Gaming behaviors have been significantly influenced by smartphones. This study was designed to explore gaming behaviors and clinical characteristics across different gaming device usage patterns and the role of the patterns on Internet gaming disorder (IGD). Responders of an online survey regarding smartphone and online game usage were classified by different gaming device usage patterns: (1) individuals who played only computer games; (2) individuals who played computer games more than smartphone games; (3) individuals who played computer and smartphone games evenly; (4) individuals who played smartphone games more than computer games; (5) individuals who played only smartphone games.

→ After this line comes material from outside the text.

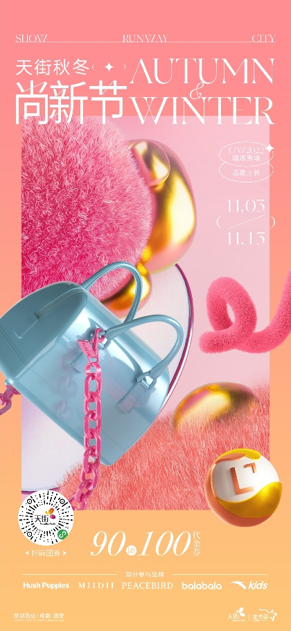 活动4:秋冬尚新节,11月3日-11月13日,龙湖成都天街推出“90团100代金券“活动。
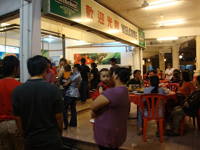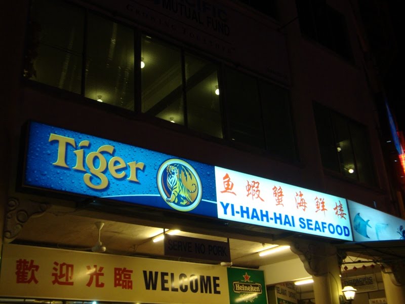 Last few weeks ago I went down to Miri to go studio-hunting with my hubby, and our trip seemed to have ended up upgrading into a semi-company trip when everyone wanted to join in (well, almost everyone). We reached Miri at about 5, 6pm and we definitely needed to go have a chow down after such a long trip and making it safely to our hotel. So we followed my hubby's colleague's boyfriend (who is a Miri-an) and he took us to a seafood restaurant called Yi-Hah-Hai Seafood.

Data on demographics, gaming-related behaviors, and scales for Internet and smartphone addiction, depression, anxiety disorder, and substance use were collected. Combined users, especially those who played computer and smartphone games evenly, had higher prevalence of IGD, depression, anxiety disorder, and substance use disorder. These subjects were more prone to develop IGD than reference group (computer only gamers) (B = 0.457, odds ratio = 1.579). Smartphone only gamers had the lowest prevalence of IGD, spent the least time and money on gaming, and showed lowest scores of Internet and smartphone addiction. Our findings suggest that gaming device usage patterns may be associated with the occurrence, course, and prognosis of IGD.

Suggested Citation

  • Soo-Hyun Paik & Hyun Cho & Ji-Won Chun & Jo-Eun Jeong & Dai-Jin Kim, 2017. "Gaming Device Usage Patterns Predict Internet Gaming Disorder: Comparison across Different Gaming Device Usage Patterns," IJERPH, MDPI, vol. 14(12), pages 1-14, December.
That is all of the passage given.